Derivative-Work Dispute And Clean-Room Validity Under Prior Exposure
Sources: 1 • Confidence: High • Updated: 2026-04-12 10:23
Key takeaways
- Mark Pilgrim argues that chardet 7.0.0 cannot be relicensed to MIT because it is a modification of LGPL-licensed work and is not a valid clean-room implementation given the maintainers' prior exposure to the code.
- The chardet project was originally released in 2006 by Mark Pilgrim under the LGPL.
- AI coding agents can produce a fresh codebase from a specification and tests fast enough to approximate a clean-room reimplementation workflow compared to traditional multi-team clean-room processes.
- Dan Blanchard reports using the JPlag tool and obtaining low similarity scores for chardet 7.0.0 versus prior versions, while older versions show high similarity with each other.
- A key ecosystem watch item is whether low-cost reimplementation from test suites will cause software to re-emerge under more permissive open-source or proprietary licenses at scale.
Sections
Derivative-Work Dispute And Clean-Room Validity Under Prior Exposure
- Mark Pilgrim argues that chardet 7.0.0 cannot be relicensed to MIT because it is a modification of LGPL-licensed work and is not a valid clean-room implementation given the maintainers' prior exposure to the code.

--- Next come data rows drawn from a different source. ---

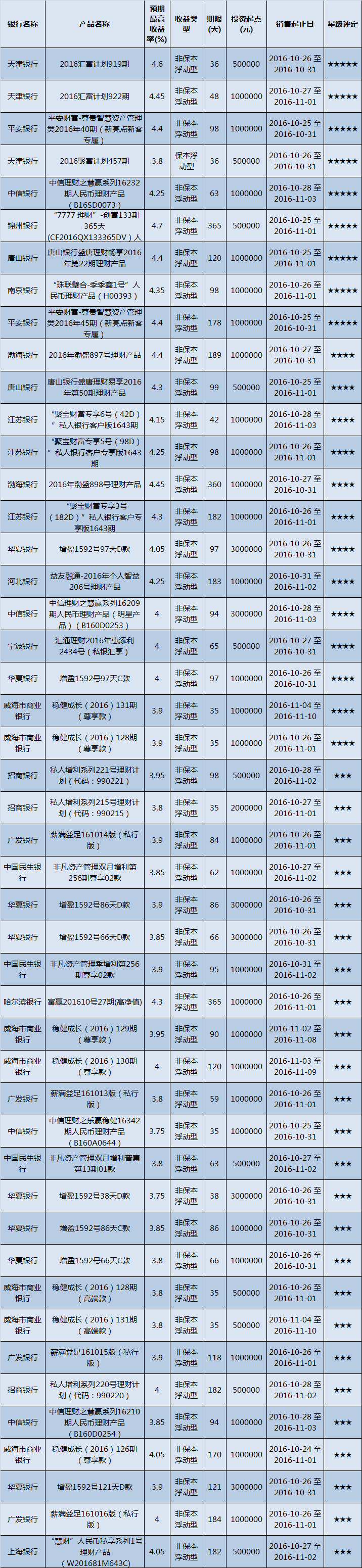 高门槛(50万元及以上)的理财产品中,华北地区有47款获得普益标准评级,平均预期收益率为4.06%。其中三星产品25款,平均预期收益率为3.90%;四星产品13款,平均预期收益率为4.15%;五星产品9款,平均预期收益率为4.37%。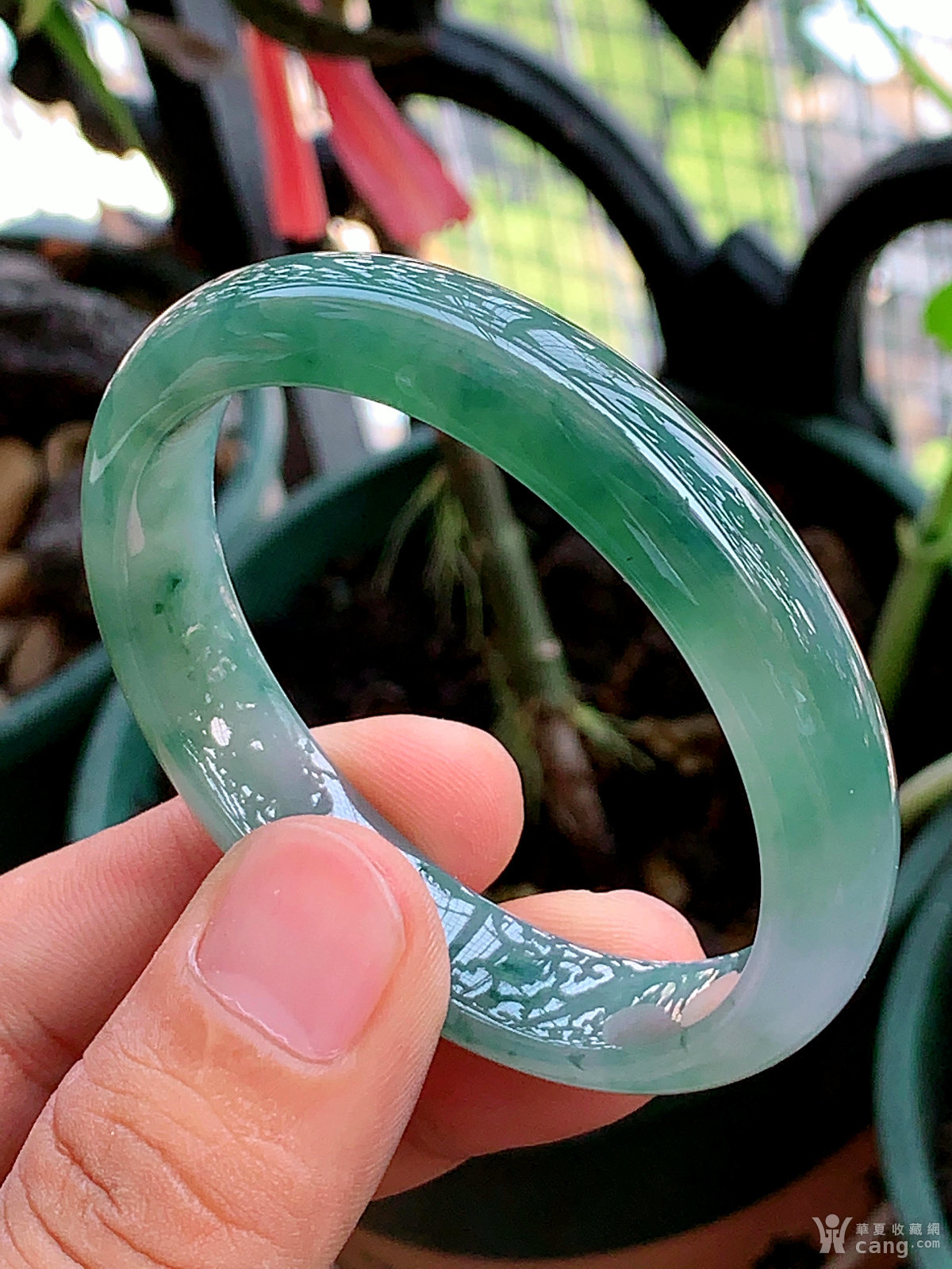 缅甸天然翡翠A货冰透水润飘花贵妃手镯54.6圈口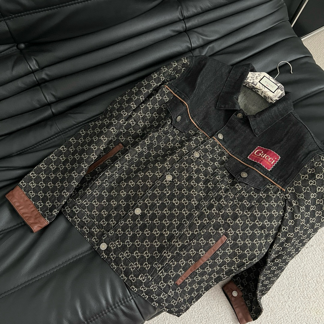 NIGO Gucci Men's Fall And Winter Brown Logo Applique Single Breasted Long Sleeved Denim Jacket #nigo75454

- Dan Blanchard asserts that chardet 7.0.0 is an independent work and therefore can be MIT licensed despite the project's LGPL history.
- Dan Blanchard acknowledges that a traditional clean-room separation did not exist because he had extensive prior knowledge of the original chardet codebase from maintaining it for over a decade.
- The dispute over whether chardet 7.0.0 can be MIT licensed is expected to be difficult to resolve definitively in the near term.
License Transition Via Rewrite With Same Name And Api
- The chardet project was originally released in 2006 by Mark Pilgrim under the LGPL.
- chardet has been maintained by others since 2011, and Dan Blanchard has made every release since version 1.1 in July 2012.
- Dan Blanchard released chardet 7.0.0 and described it as a ground-up rewrite under the MIT license that keeps the same package name and public API as a drop-in replacement for 5.x/6.x.
Ai-Assisted Reimplementation Lowers Clean-Room Friction
- AI coding agents can produce a fresh codebase from a specification and tests fast enough to approximate a clean-room reimplementation workflow compared to traditional multi-team clean-room processes.
- Dan Blanchard reports that the rewrite process began in an empty repository, included instructing Claude not to use LGPL/GPL-licensed code, and proceeded via iterative review, testing, and refinement.
Similarity Measurement As Evidence Standard (And Its Limits)
- Dan Blanchard reports using the JPlag tool and obtaining low similarity scores for chardet 7.0.0 versus prior versions, while older versions show high similarity with each other.
- Dan Blanchard argues that non-derivation can be supported by measurement of structural independence rather than strict clean-room process separation alone.
Forward-Looking Ecosystem And Litigation Watch Items
- A key ecosystem watch item is whether low-cost reimplementation from test suites will cause software to re-emerge under more permissive open-source or proprietary licenses at scale.
- Well-funded litigation is expected to emerge around AI-assisted clean-room-like rewrites as commercial firms perceive their IP is threatened by cheap reimplementation.
Watchlist
- A key ecosystem watch item is whether low-cost reimplementation from test suites will cause software to re-emerge under more permissive open-source or proprietary licenses at scale.
Unknowns
- Is chardet 7.0.0 legally considered an independent work or a derivative of prior LGPL-licensed versions?
- Can similarity measurements (as described) serve as persuasive evidence of non-derivation in legal or widely accepted community processes?
- Are the reported JPlag similarity results reproducible with independent tools, configurations, and reviewers?
- Was the model used in the rewrite trained on the original chardet repository, and if so, how should that training exposure affect clean-room and derivative-work analysis?
- What, if any, authoritative third-party positions (legal analyses, foundations, distributors) will emerge that materially change how the ecosystem treats chardet 7.0.0?